Segment Start: Task input

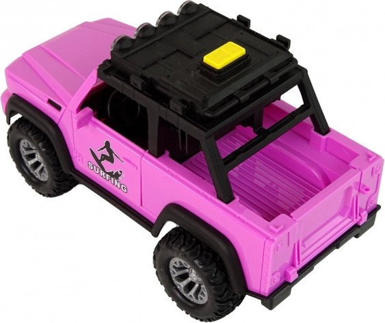 Genießen Sie Sommerfeeling mit dem rosa Offroad-Fahrzeug im Surf-Thema. Realistische Details, große Räder und der Schwungradantrieb sorgen für eine ruhige Fahrt, während Lichter und Sounds jede Fahrt in ein Abenteuer verwandeln. Surfbretter und Paddel auf dem Dachträger regen die Fantasie an und laden zu Strandgeschichten ein.
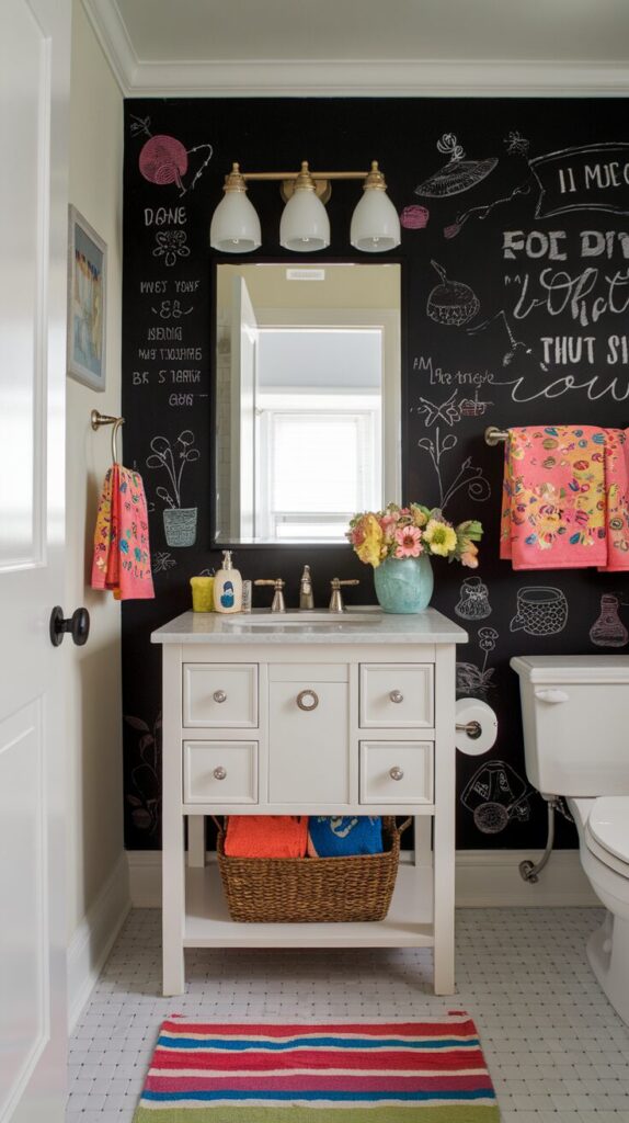 Why not make your walls interactive? Chalkboard paint adds playful energy, making your bathroom more than just a functional space. Kids will love doodling, while adults can jot down notes, affirmations, or even a to-do list.
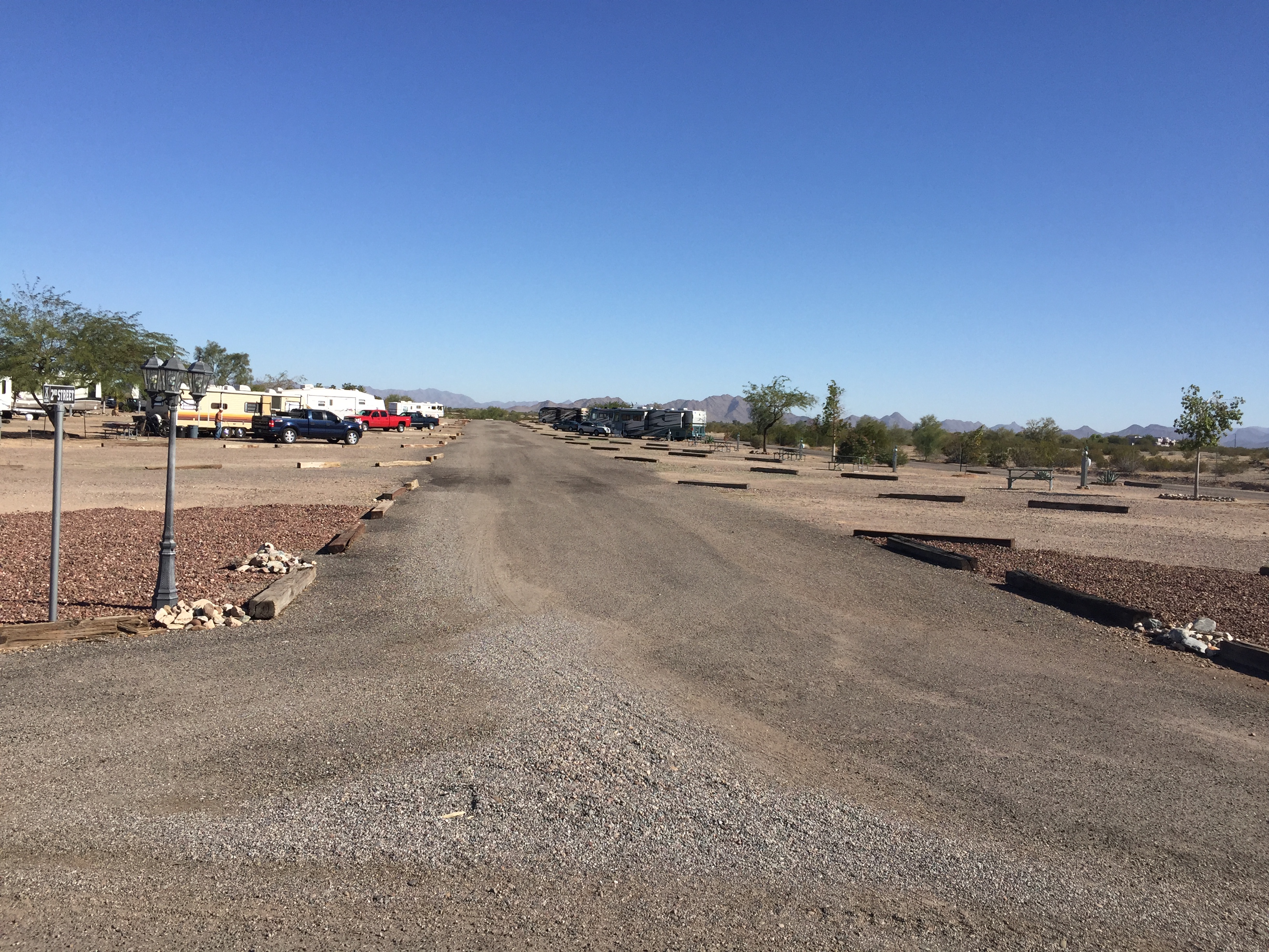 Setting: This is Augie’s Quail Trail RV Park and is in the process of changing over to a Gila Bend KOA. It is a very nice clean park with large mostly pull through spaces, management is friendly and helpful. There are several places to eat in Gila Bend but the closest shopping is 40 miles away in Goodyear AZ. We would stay here again if in the area.
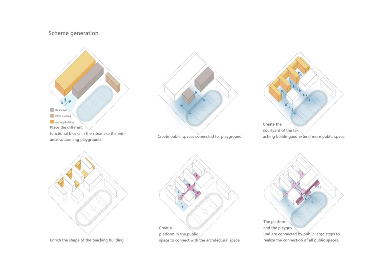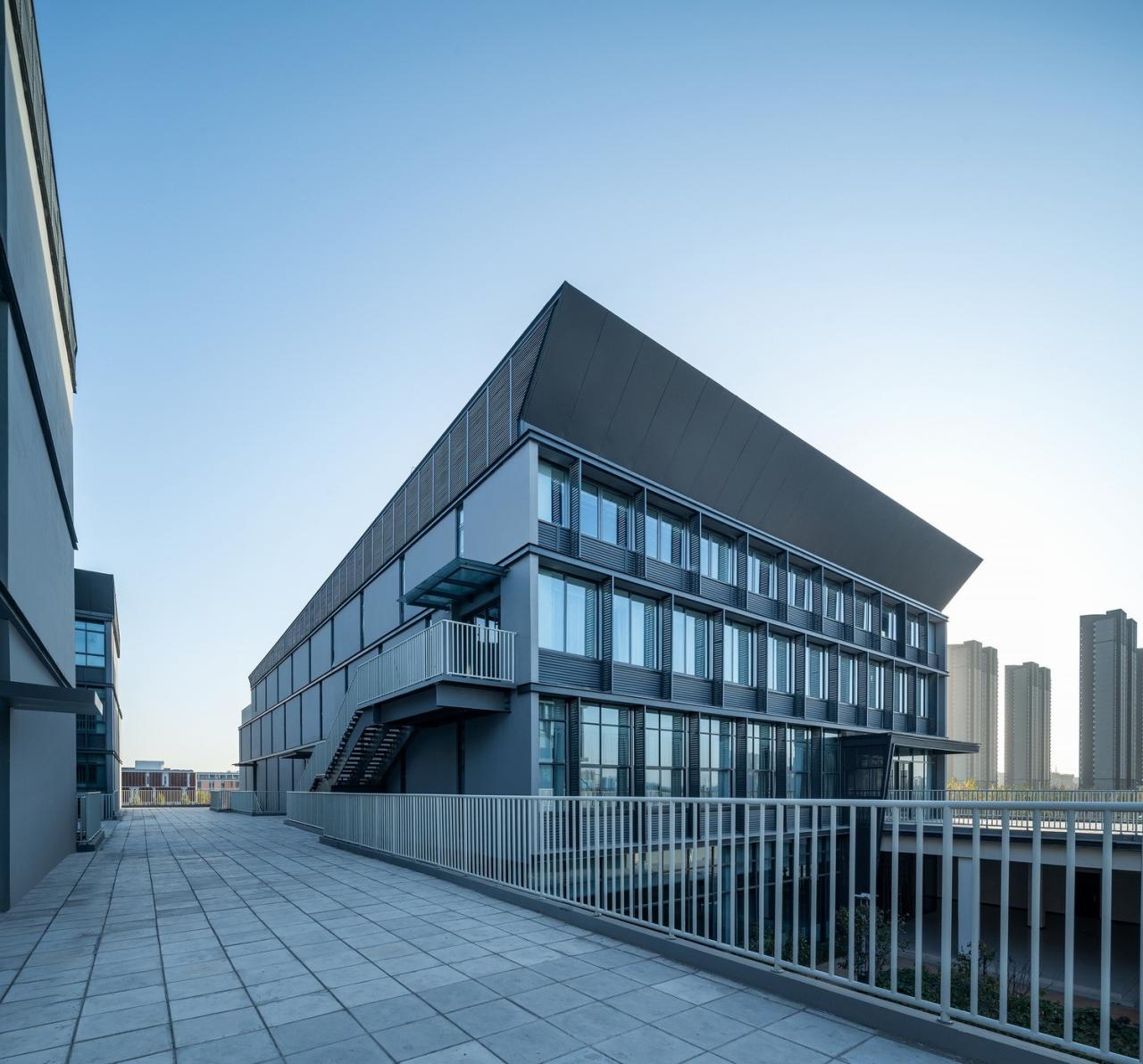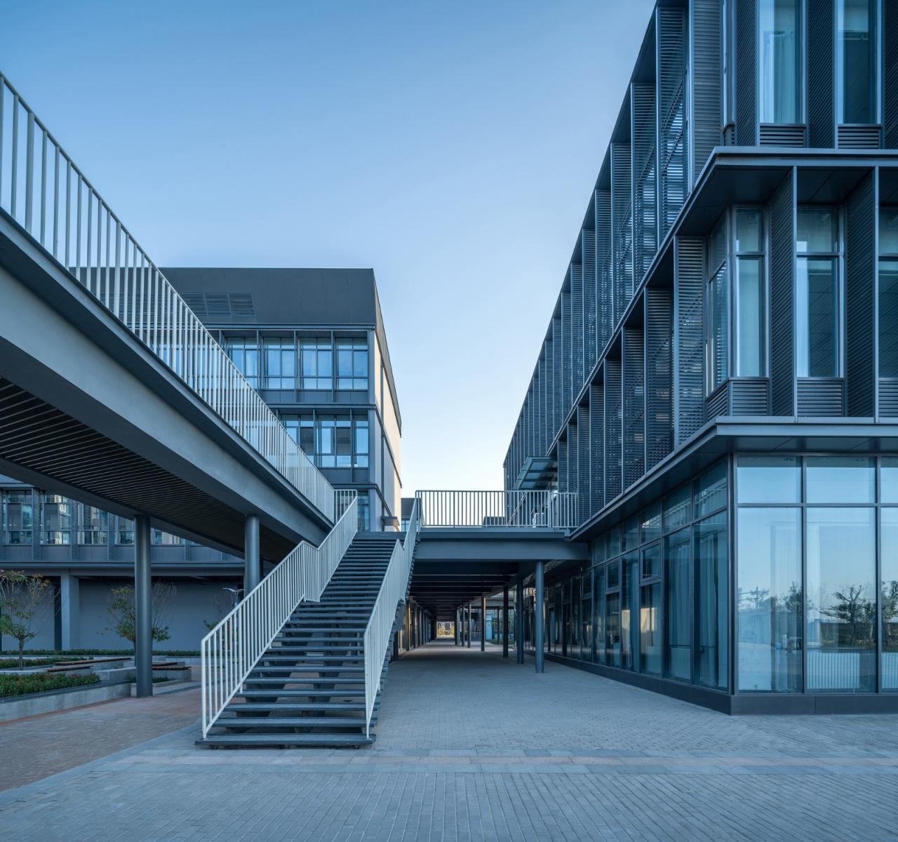 2,相比于传统的学校,功能更集约化,空间感受更公建化,有许多建筑灰空间来提供交流场所,并且引入了隐性课堂和扩大的共享空间。二层的室外活动平台把教学楼、体育馆、食堂进行串联形成学生自己的活动中心,通过主体连廊的架空以及建筑体量的穿插、进退,在提供教学场所的同时,营造丰富的室内外活动场地,引导学校教育模式的革新。
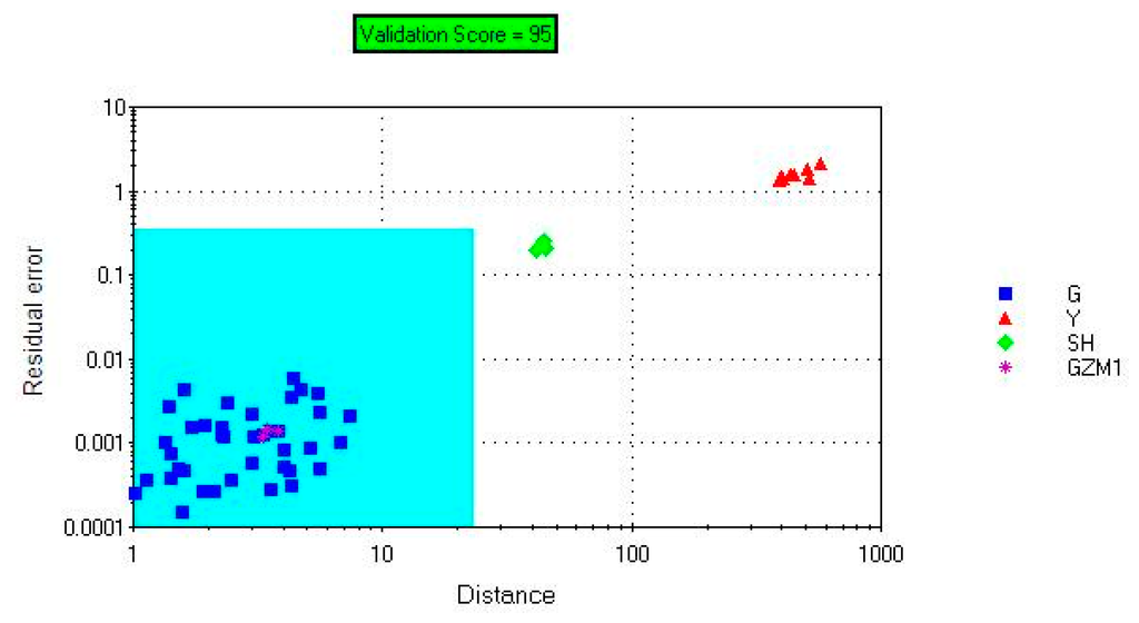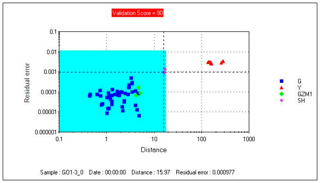 Figure 3 shows that the model's checking score was 98. The model separated the samples into two regions. The Gansu group was in the acceptable region, and the Yunnan group was outside the acceptable region. GZM1 and SH selected as the unknown samples were projected onto the model which showed that sample GZM1 was correctly project onto the acceptable region and sample SH was incorrectly projected onto the acceptable region. The results indicated that the model was not accurate enough for unknown samples. A more valid feature extraction method should be created.

Segment End: Task input

Your copy of the entries must be exact and must not include any of their pictures.

 Genießen Sie Sommerfeeling mit dem rosa Offroad-Fahrzeug im Surf-Thema. Realistische Details, große Räder und der Schwungradantrieb sorgen für eine ruhige Fahrt, während Lichter und Sounds jede Fahrt in ein Abenteuer verwandeln. Surfbretter und Paddel auf dem Dachträger regen die Fantasie an und laden zu Strandgeschichten ein.
 Why not make your walls interactive? Chalkboard paint adds playful energy, making your bathroom more than just a functional space. Kids will love doodling, while adults can jot down notes, affirmations, or even a to-do list.
 Setting: This is Augie’s Quail Trail RV Park and is in the process of changing over to a Gila Bend KOA. It is a very nice clean park with large mostly pull through spaces, management is friendly and helpful. There are several places to eat in Gila Bend but the closest shopping is 40 miles away in Goodyear AZ. We would stay here again if in the area.
 2,相比于传统的学校,功能更集约化,空间感受更公建化,有许多建筑灰空间来提供交流场所,并且引入了隐性课堂和扩大的共享空间。二层的室外活动平台把教学楼、体育馆、食堂进行串联形成学生自己的活动中心,通过主体连廊的架空以及建筑体量的穿插、进退,在提供教学场所的同时,营造丰富的室内外活动场地,引导学校教育模式的革新。
 Figure 3 shows that the model's checking score was 98. The model separated the samples into two regions. The Gansu group was in the acceptable region, and the Yunnan group was outside the acceptable region. GZM1 and SH selected as the unknown samples were projected onto the model which showed that sample GZM1 was correctly project onto the acceptable region and sample SH was incorrectly projected onto the acceptable region. The results indicated that the model was not accurate enough for unknown samples. A more valid feature extraction method should be created.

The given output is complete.